Steady State Laboratory Determinants
Of the initial 432 patients, 311 had complete laboratory values. When laboratory determinants were examined, increased emergency department utilization was significantly and linearly associated with elevated steady state WBC (p<0.001), elevated steady state platelet count (p<0.001), lower steady state RBC (p<0.001), lower steady state Hb (p < .001) and lower steady state albumin (p = .02, Table 1). Table 2 shows the odds ratios (95% CI), adjusted for age, for high ED utilization (≥6 emergency room visits) with each steady state laboratory parameter. For each unit increase of 50 x109/L in platelet count, there was an associated 22% greater risk of high ED utilization, p<0.001. For each 1 x109/L increase in WBC, there was an associated 11% greater odds of ≥6 ED visits/year, p = 0.003, while each unit of 1 x109/L RBC and 1g/dl Hb was associated with a 49% and 23% reduced odds of high ED utilization (p = .006, p = .007 respectively). For each 1g/dl of albumin there was a 60% lower risk of frequent ED use (p = .01, Table 2). While LDH and Cr were significantly different among categories of ED use, the associations were not linear.

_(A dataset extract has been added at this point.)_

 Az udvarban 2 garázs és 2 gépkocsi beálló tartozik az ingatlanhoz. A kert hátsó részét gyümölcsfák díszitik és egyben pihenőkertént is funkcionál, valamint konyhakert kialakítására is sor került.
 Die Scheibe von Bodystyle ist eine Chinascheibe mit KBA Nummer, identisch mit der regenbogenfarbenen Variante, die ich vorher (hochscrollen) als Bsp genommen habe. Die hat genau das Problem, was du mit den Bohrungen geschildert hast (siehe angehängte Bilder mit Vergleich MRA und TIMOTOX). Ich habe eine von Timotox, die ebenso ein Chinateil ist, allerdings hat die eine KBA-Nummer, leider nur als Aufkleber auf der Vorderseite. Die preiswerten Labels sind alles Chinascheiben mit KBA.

Normalized data reported as means with SDs, non-normalized data reported as medians with 25% and 75%. P values are for ANOVAs done over all 3 categories.

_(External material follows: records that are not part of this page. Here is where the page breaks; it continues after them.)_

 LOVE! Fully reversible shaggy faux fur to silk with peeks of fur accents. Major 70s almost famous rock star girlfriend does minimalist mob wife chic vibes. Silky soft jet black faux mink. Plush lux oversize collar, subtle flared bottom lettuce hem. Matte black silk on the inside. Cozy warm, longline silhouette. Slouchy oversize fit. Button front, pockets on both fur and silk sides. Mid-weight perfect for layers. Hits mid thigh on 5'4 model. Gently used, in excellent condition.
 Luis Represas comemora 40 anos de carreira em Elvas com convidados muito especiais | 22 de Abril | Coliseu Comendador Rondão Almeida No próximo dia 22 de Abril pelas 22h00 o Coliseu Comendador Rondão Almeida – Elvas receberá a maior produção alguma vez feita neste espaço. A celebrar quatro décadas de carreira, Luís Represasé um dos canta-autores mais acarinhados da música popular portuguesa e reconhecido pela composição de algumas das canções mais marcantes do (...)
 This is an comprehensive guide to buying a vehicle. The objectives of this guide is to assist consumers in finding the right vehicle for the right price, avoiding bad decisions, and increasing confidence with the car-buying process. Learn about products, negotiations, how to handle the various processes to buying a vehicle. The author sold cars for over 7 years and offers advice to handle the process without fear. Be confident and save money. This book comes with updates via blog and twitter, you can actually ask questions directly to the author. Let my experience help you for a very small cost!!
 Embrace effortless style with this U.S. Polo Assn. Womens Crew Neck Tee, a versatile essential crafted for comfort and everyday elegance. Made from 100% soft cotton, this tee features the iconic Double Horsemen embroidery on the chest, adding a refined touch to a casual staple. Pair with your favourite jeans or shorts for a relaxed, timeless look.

We developed an algorithm which would differentiate those whose ED utilization was not ≥6 visits/year. Using the average Hb for the 0–5 utilizers (8.4g/dl), median WBC (9.5 x109/L), and median platelet count (341 x109/L), we assigned 1 point each for WBC >9 x109/L and platelet count 300 x109/L and 1 point for Hb levels <9g/dl. 78 of the 311 (25%) patients incorporated in the model had a score of 0 or 1; of those 78 low scoring patients, 69 were lower ED utilizers. This score was found to be 34% sensitive and 89% specific for lower ED utilization in our cohort.
Active State Determinants
When active parameters were compared to steady state parameters, laboratory values among the ED categories overlapped and there were no significant differences in the levels of anemia or the degree of leukocytosis; all categories showed leukocytosis and decreased Hb levels while presenting acutely (Table 3). High platelet counts, however, remained different among ED utilization categories and were again associated with more frequent ED visits (p = .02). In contrast to the association of increased ED utilization with decreasing albumin levels in steady state, in the active state higher albumin levels, perhaps reflecting dehydration, were associated with a higher ED use category (p = .02). As in steady state, creatinine levels were significantly different in each category but no linear association was demonstrated.

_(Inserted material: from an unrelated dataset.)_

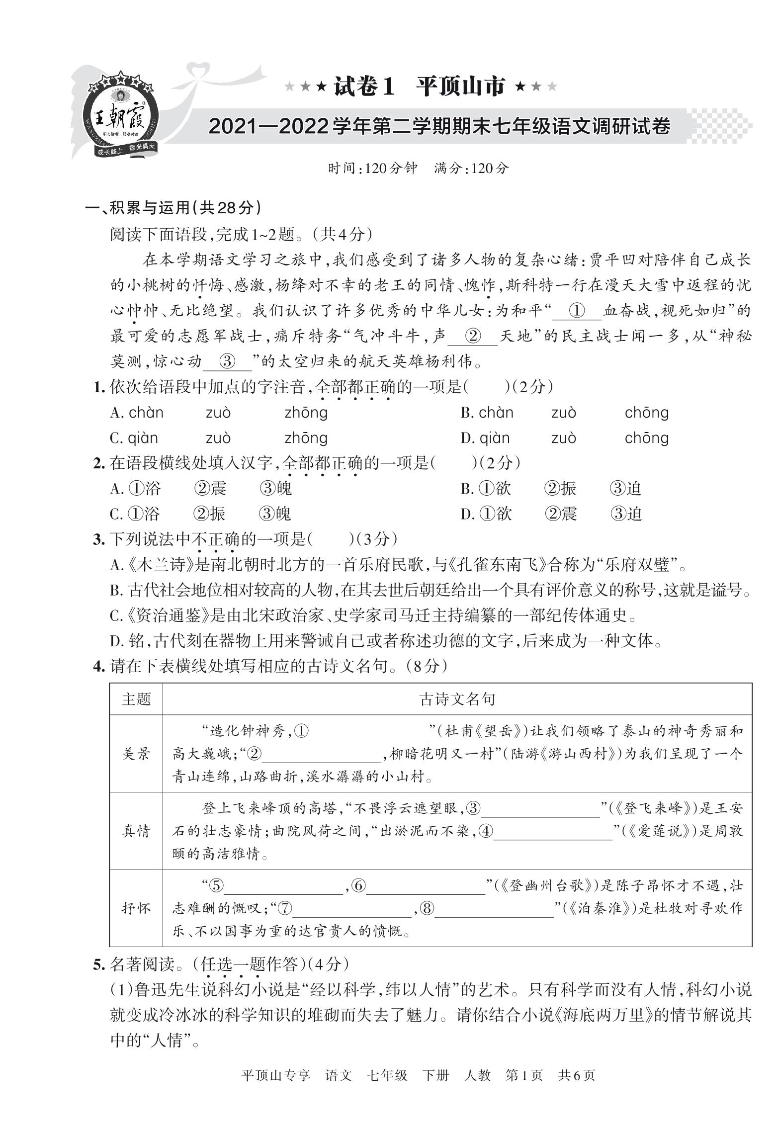 平顶山市2021—2022学年第二学期期末七年级语文调研试卷(人教版)【1】

Normalized data reported as means with SDs, non-normalized data reported as medians with 25% and 75% P values are for ANOVAs done over all 3 categories.
Steady State Laboratory Determinants by Hydroxyurea Script
Hydroxyurea use was examined as previous studies have shown that it affects both frequency of ED use and steady state laboratory parameters themselves. [11] The cohort prescribed hydroxyurea had significantly higher MCVs than the cohort not prescribed hydroxyurea across all 3 categories of ED use, suggesting that they were taking the medication. Both the hydroxyurea and the non-hydroxyurea cohorts retained linear and significant associations of higher WBC and platelets counts with greater ED use (Table 4). Though increasing anemia was still linearly associated with higher ED use in the hydroxyurea group, in the nonhydroxyurea group the association was no longer strictly linear.
Normalized data reported as means with SDs, non-normalized data reported as medians with 25% and 75% P values are for ANOVAs done over all 3 categories.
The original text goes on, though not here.